My goal is to find $\hat{\theta}_{MLE}$ for $$X_1, ..., X_n \sim_{iid}f_X(x;\theta)=\frac{1}{3\theta}, \quad -\theta < x < 2\theta, \quad \theta \in (0,\infty)$$
I am looking at the likelihood function and I have
$$L(\theta) = \prod_{i=1}^n \frac{1}{3\theta} \Bbb I_{-\theta<x_i<2\theta}=\frac{1}{(3\theta)^n} \Bbb I_{-\theta<X_{(1)}<X_{(n)}<2\theta}$$
This is where I find things a little tricky.

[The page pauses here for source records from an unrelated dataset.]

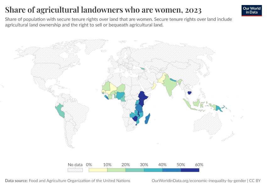 “Data Page: Share of agricultural landowners who are women”. Our World in Data (2026). Data adapted from Food and Agriculture Organization of the United Nations. Retrieved from https://data-unoosa-launches.owid.pages.dev:8789/20260105-133053/grapher/share-of-agricultural-land-owners-that-are-women.html [online resource] (archived on January 5, 2026).How to cite this data
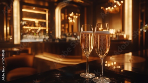 Champagne flutes, luxury bar, celebration, bokeh
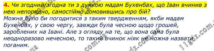 Чи згодний/згодна ти з думкою мадам Бухенбах, що Іван вчинив з нею непорядно, самостійно домовившись про бій?
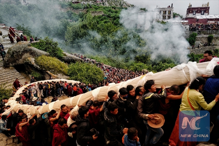 Buddhists and tourists participate in the sacred "sunning of the Buddha" ceremony to mark the start of the annual Shoton festival at the Zhaibung Monastery in Lhasa, capital of southwest China's Tibet Autonomous Region, Aug. 11, 2018. (Xinhua/Purbu Zhaxi)
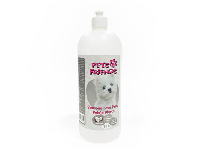 Shampoo líquido pelaje blanco marca PETS & FRIENDS formulado y elaborado por FAINVET LTDA. con materias primas importadas de primera calidad en base a esencia de Coco. Es hipoalergénico, no contiene formalina como preservante ni químicos irritantes. Mantiene y restaura la grasitud y humedad propia de la piel y pelaje al poseer un pH balanceado. Ayuda a mantener el pelaje blanco de su mascota y agentes humectantes que facilitan el cepillado del pelaje.
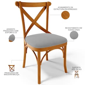 Inspirada no elegante mobiliário parisiense do século 19 e pensada para proporcionar máximo conforto, a Cadeira Ávila combina estilo e funcionalidade de uma maneira única. Estruturada em madeira maciça, possui detalhes curvilíneos que trazem suavidade e delicadeza a peça, seu acabamento envernizado a torna um mobiliário de destaque e trás durabilidade e confiança ao seu uso. Possui assento estofado, que proporciona ao seu usuário a sensação de comodidade ideal e ainda adiciona classe a qualquer ambiente. Seu design a torna uma peça versátil que abre portas a sua imaginação pois pode ser disposta em salas de jantar, estar, e espera, quartos, halls de entrada e cozinhas. Expresse seu bom gosto, e adquira já essa obra-prima da sofisticação!
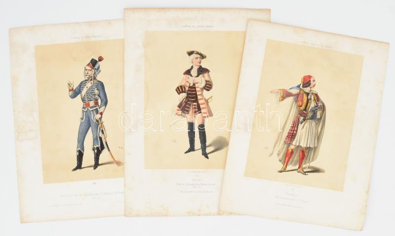 cca 1890-1900 Théatre de l'Opéra, 3 db francia színházi témájú illusztráció. Színes litográfia, papír, jelzett (Lith. Godard, Paris). Foltos lapok, lapméret: 28x21 cm körül
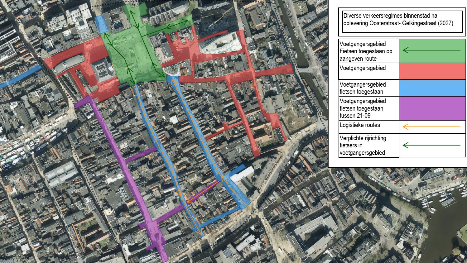 Door het instellen van een voetgangerszone aan de hand van deze herinrichtingen kan er meer flexibiliteit worden geboden in het gebruik binnen het straatprofiel. Immers, het asfalt wordt vervangen door de gele steen waarmee de hoogteverschillen verdwijnen. Hierdoor zal er geen sprake meer zijn van een eenduidige rijloper. Daardoor kunnen we de fietser, gemengd met de voetganger, blijven toestaan binnen de nieuwe voetgangerszone van de Ooster- en de Gelkingestraat. We breiden bovendien de gebruiksmogelijkheden voor de fietser uit door het toestaan van tweerichtingsverkeer voor de fietser. Binnen het ontwerp is sterk rekening gehouden met de obstakelvrije breedtes die binnen het profiel aanwezig zijn. Dit om voldoende ruimte aan de voetganger te bieden in een gebied waar fietsers in twee richtingen mogen rijden en waar de stadslogistiek tussen 05:00 en 12:00 uur s’ ochtends in één richting mag rijden en laden en lossen. Dit wordt in de nieuwe situatie aangegeven middels onderborden en verplichte rijrichtingen met uitzondering van fietsen. In de praktijk zal hierdoor eenzelfde circulatie voor de logistiek van kracht zijn als nu het geval is. Namelijk, via de Oosterstraat het centrum ingaand en via de Gelkingestraat het centrum uitgaand.
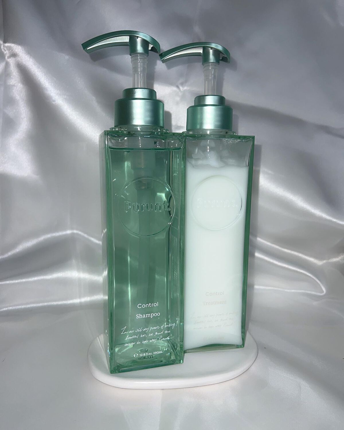 Purunt.コントロール美容液シャンプー/トリートメントスキンケア発想のヘアケアでコントロールはうねり、クセに特化したシリーズ💚シャンプーは泡立ち良く頭皮の汚れを吸着除去🙆♀️トリートメントはなめらかでなじませやすく手触りがつるん😍まとま...
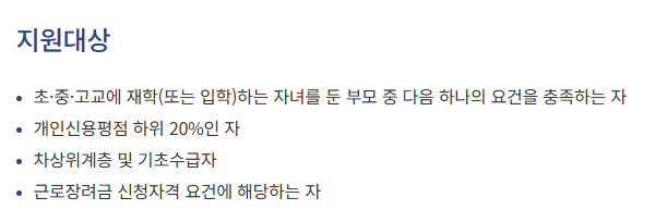 - 지원 대상 이 프로그램은 근로장려금 수령자가 가정의 경제적 어려움으로 인해 학습 활동에 참여하기 어려운 경우를 대상으로 합니다. 방과 후 학교 활동, 고교 수업료, 학원비 등의 지출에 어려움을 겪는 분들이 해당됩니다.

Intuitively speaking since $(3\theta)^{-n}$ is a decreasing function for $0<\theta$ I would want to say $X_{(1)}$ maximizes $L(\theta)$
However, that only happens when $0<X_{(1)}$.
If all $X_i$s are negative and $n$ is even, then I want to say that $X_{(n)}/2$ will maximize $L$.
Is there a particular way to deal with this problem or am I on the right ball park?
I appreciate your help.
Let me rephrase your observations in a way that may make things clearer to you.
You want $\theta$ to be as small as possible while satisfying $\theta > 0$ and $\theta \ge -X_{(1)}$ and $\theta \ge X_{(n)}/2$.